A truck plowed into a crowded Christmas market in the German capital Berlin on Monday evening, killing 12 people and injuring up to 50 others, police said. Authorities are treating the event as a terrorist attack. A suspect believed to have been driving the truck during the attack has been arrested by the police. Another person, who is believed to have been a passenger in the vehicle, has been killed.
Berlin police said on Twitter on Tuesday that investigators assume that the driver of a truck that ploughed into a crowd at a Berlin Christmas market, killing 12 people and injuring 48 others, did so intentionally.
"Our investigators assume that the truck was deliberately steered into the crowd at the Christmas market at Breitscheidplatz," police said.
The market is situated at the foot of the ruined Kaiser Wilhelm memorial church, which was kept as a bombed-out ruin after WWII.

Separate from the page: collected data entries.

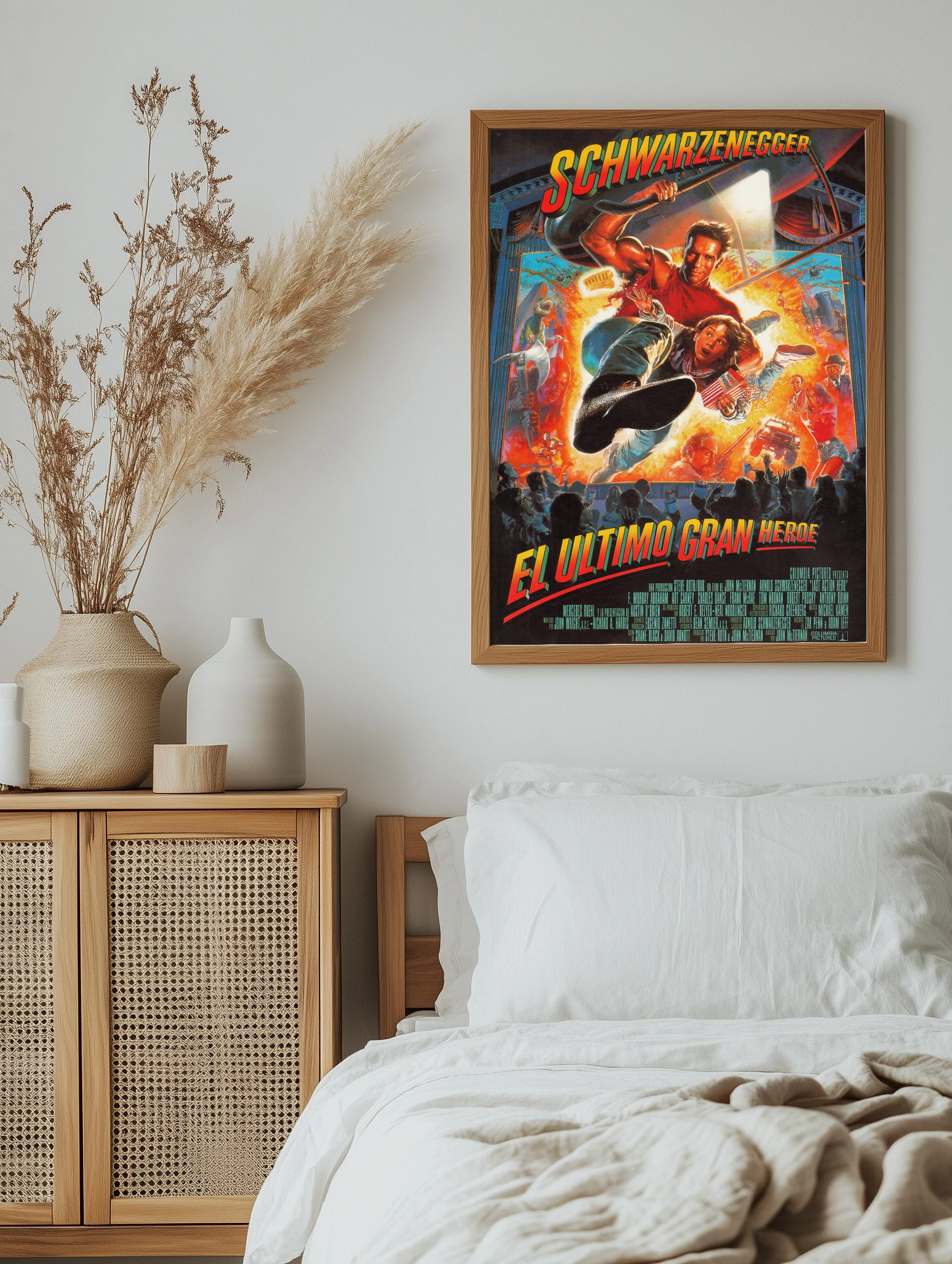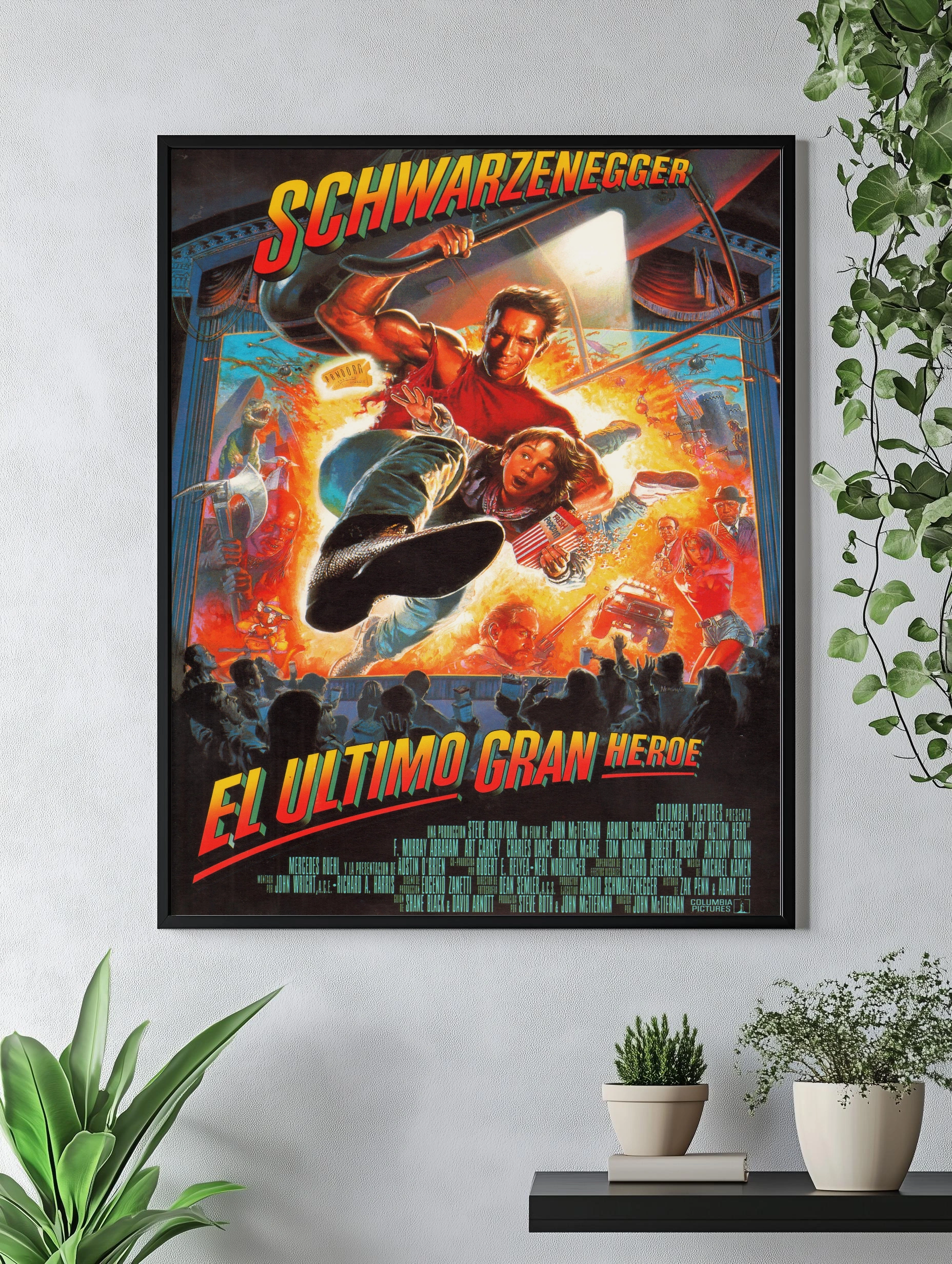 Яркий и динамичный классический киноафишный дизайн с Арнольдом Шварценеггером в центре внимания. Изображение наполнено драматизмом, действиями и зрелищными спецэффектами, сочетающими красный, оранжевый и чёрный цвета. Отличный интерьерный декор для поклонников боевиков и ретро кино.
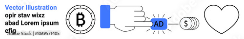Bitcoin symbol, hand pointing at AD button, dollar sign, and heart shape. Ideal for cryptocurrency, finance, digital marketing, online ads, fintech, investment, and technology themes. Landing page
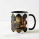 Tasse photo personnalisée avec 3 de vos propres photos (ou scènes d'Halloween éffrayantes), encadrée par un design noir et blanc classique. Avec vos textes drôles (ou autres) personnalisés. Grand comme un cadeau pour un Halloween ou un amoureux des chats.

Germany's justice minister said that federal prosecutors, who handle terrorism cases, are taking over the investigation.
The incident evoked memories of an attack in France in July when Tunisian-born man drove a 19-tonne truck along the beach front, mowing down people who had gathered to watch the fireworks on Bastille Day, killing 86 people. The attack was claimed by ISIS.

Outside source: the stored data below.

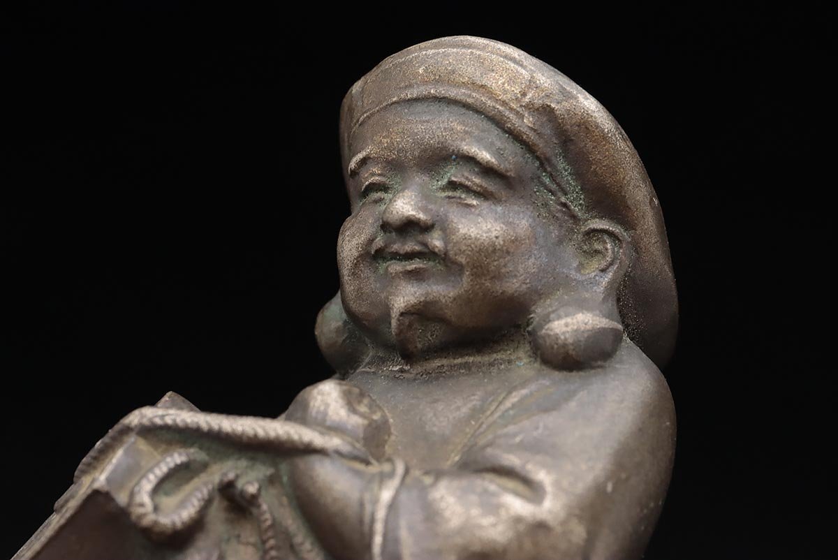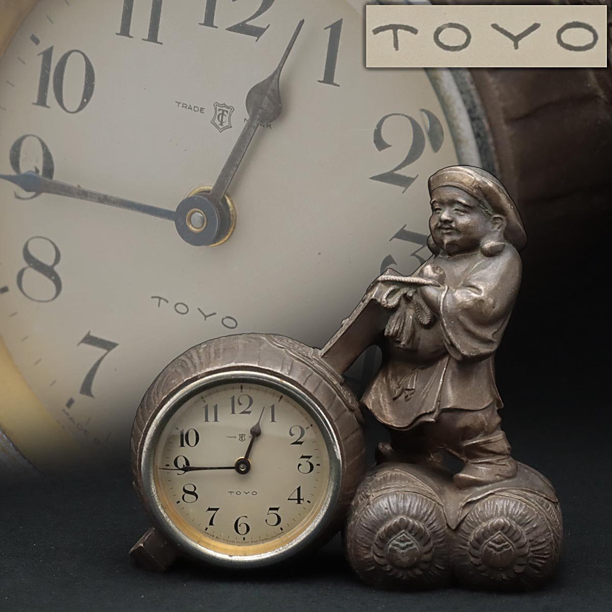 | ◆ 時代金工【TOYO】東洋時計 銅合金製「大黒天」置時計 幅17.5cm 重1.1kg「大黒小鎚」古美術 ◆
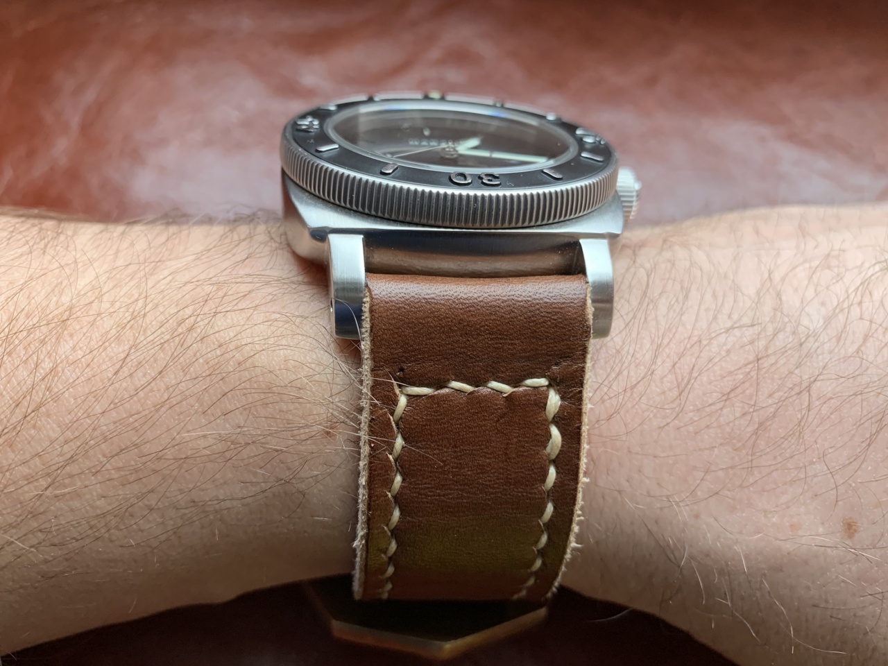 Сегодня решил перевернуть ремешок. Для меня сидит очень удобно.
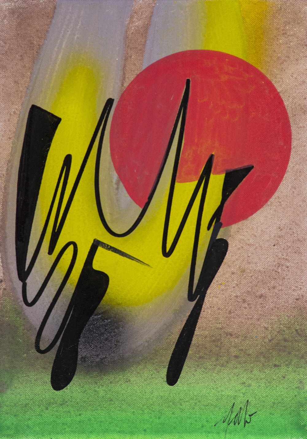 Sergio Dangelo (Milano 1932 ) Tensione in alba , Olio e tecnica mista su tela, cm. 18x13,5., Firmato in basso a destra. Sul verso: firma e titolo.
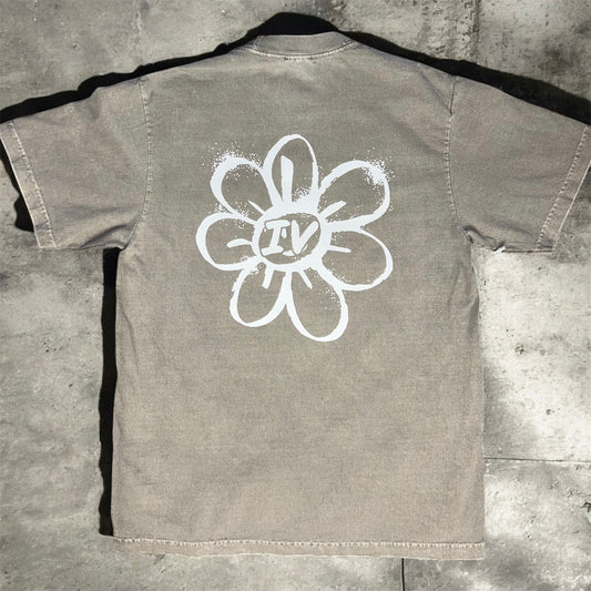 Oversized Premium Floral Tee (GRY)
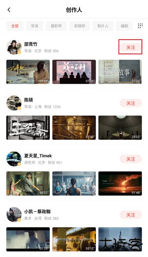 2、你就可以看到很多创作人,对某个创作人感兴趣的就在ta右侧进行点击“关注”按钮;
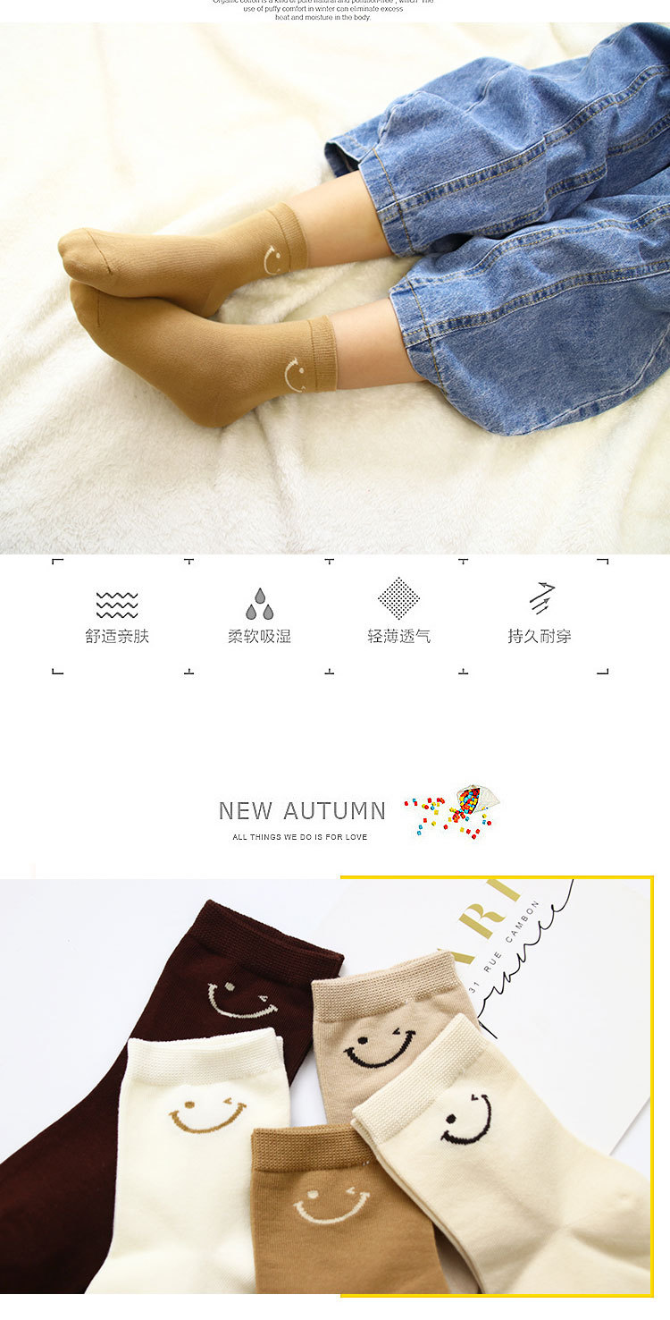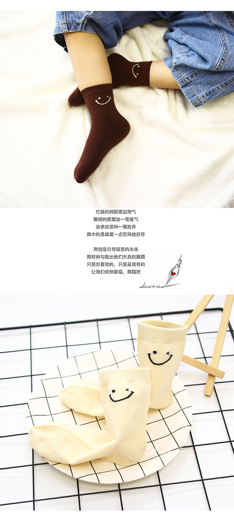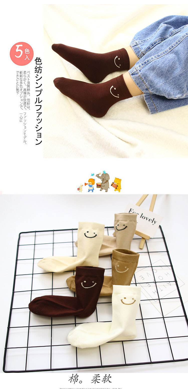 卸売りの新型の子供の靴下の男の子の女の子の漫画のかわいい笑顔のカレー色の秋の学生の運動の靴下

The truck careered into the Berlin market at what would have been one of the most crowded times for the Christmas market, when adults and children would be gathering in the traditional cluster of wooden huts that sell food and Christmas goods.
"I heard a big noise and then I moved on the Christmas market and saw much chaos...many injured people," Jan Hollitzer, deputy editor in chief of Berliner Morgenpost, told CNN. "It was really traumatic."

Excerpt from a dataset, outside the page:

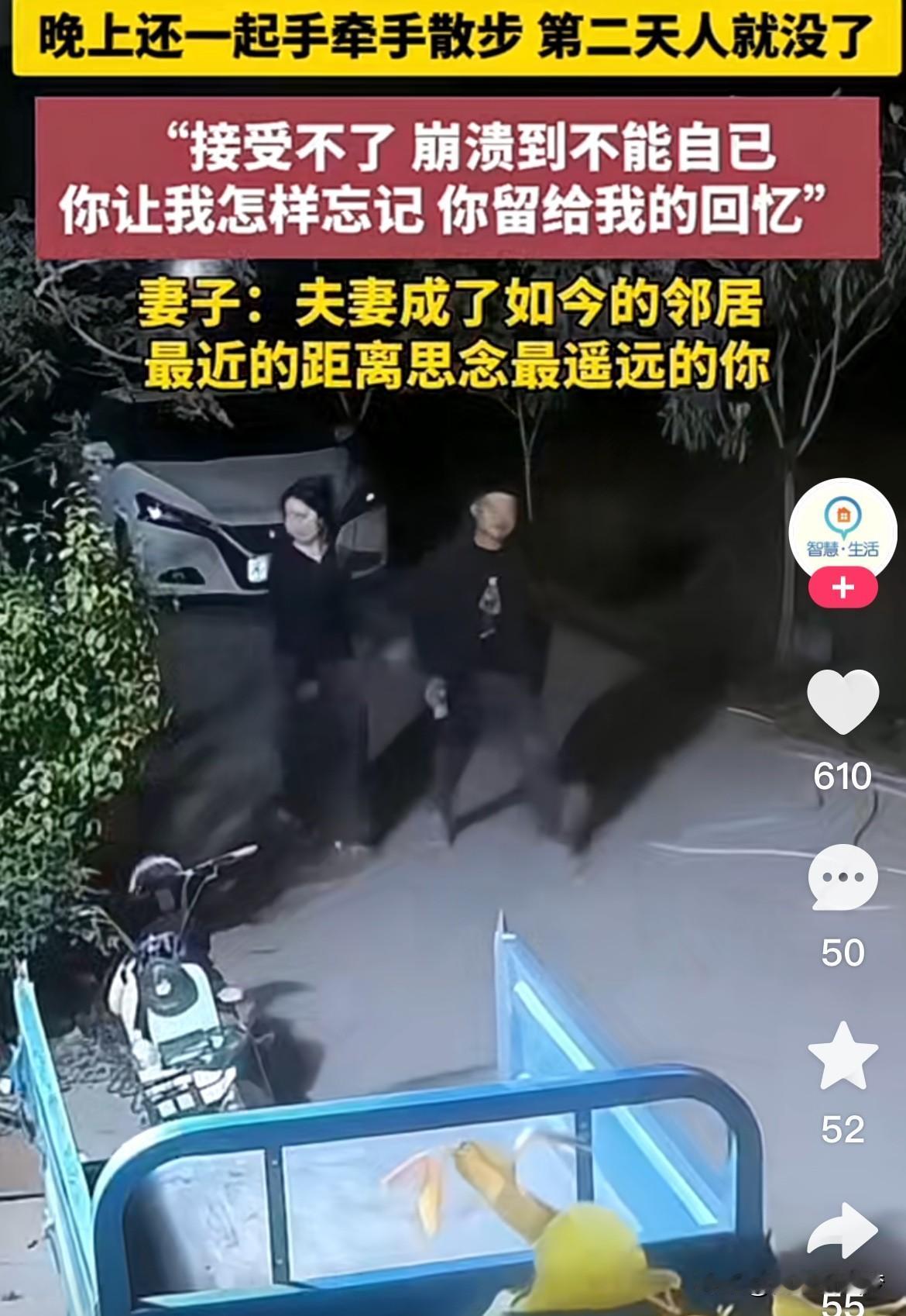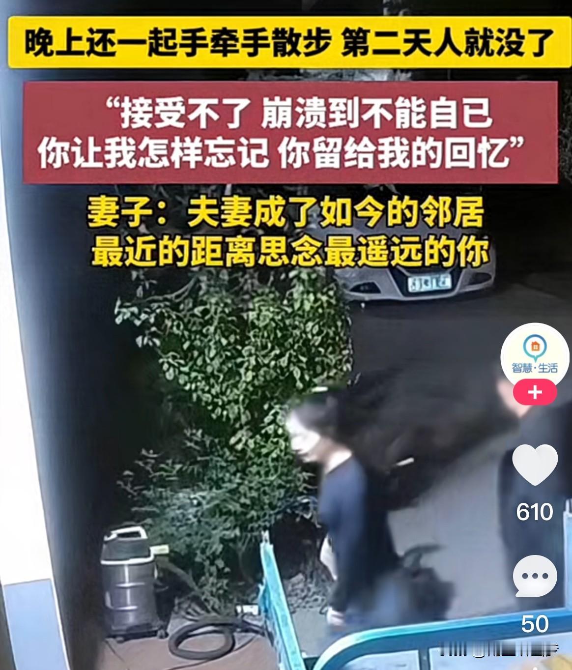 泪目!前一晚还牵着手散步,第二天人就没了……这种绝望,谁能懂? 刷到这条视频,心里猛地一揪。一对夫妻,像往常一样牵手散步,说说笑笑,转眼却已是生死相隔。妻子在镜头前哽咽:“接受不了,崩溃到不能自已……你让我怎么忘记你留给我的回忆?”而如今,夫妻成了“邻居”——一个在里头,一个在外头,最近的距离,却隔着最远的思念。 原来,“明天见”有时候,真的会变成再也见不到。 底下一条评论看得人鼻酸:“我老婆也是,回娘家睡了一觉,就再没醒过来。直到今天,我还在她的世界里活着,总想着余生能不能再找到她,重新照顾她,娶她回家。”字字没提痛,字字都是疤。还有人说:“生命有多长?不过一呼一吸之间。”是呵,我们总以为日子漫长,却忘了命运有时只给一瞬间的收场。 我们习惯了计划将来,却常常忘了,当下才是最值得紧握的“将来”。 那些为小事赌的气、为琐事冷的脸、为忙碌推掉的陪伴……在无常面前,忽然轻得像一阵烟。真正珍贵的,从来不是未来某天的“等我有空”,而是此刻手心的温度、眼前的笑脸、能拥抱的彼此。 不要等到只能隔着墓碑说话,才想起欠她他一个认真的拥抱。 珍惜眼前人,不是一句漂亮话,而是每一天的行动。 趁还来得及,回家好好吃顿饭,散步时紧紧牵住那只手,睡前认真说一句“我爱你”。把今天,当作最后的赠礼,用力去爱,用心去活。 你呢?有没有哪一瞬间,忽然意识到“眼前人”有多珍贵? 愿我们,都不留遗憾。

Police cars and ambulances converged quickly on the scene as a huge security operation unfolded. The fate of the driver of the truck was not immediately clear, but Bild newspaper said he was on the run.
Emma Rushton, a tourist visiting Berlin, told CNN the truck seemed to be traveling at about 40 mph (65 Kmh).
Asked how many were injured, she said that as she walked back to her hotel, she saw at at least 10.
Julian Reichelt, editor in chief of Bild Berlin, said that there was currently a massive security operation under way.
"The scene certainly looks like a reminder of what we have seen in Nice," said Reichelt.
In the last few weeks, European sources have warned that ISIS is planning on carrying out terrorist attacks around Christmas, and that open-air markets will be the organization's prime targets. The US has issued similar warnings regarding such markets.
The attack came just hours after the Russian ambassador to Ankara Andrei Karlov was shot in an attack at an art gallery in the Turkish capital.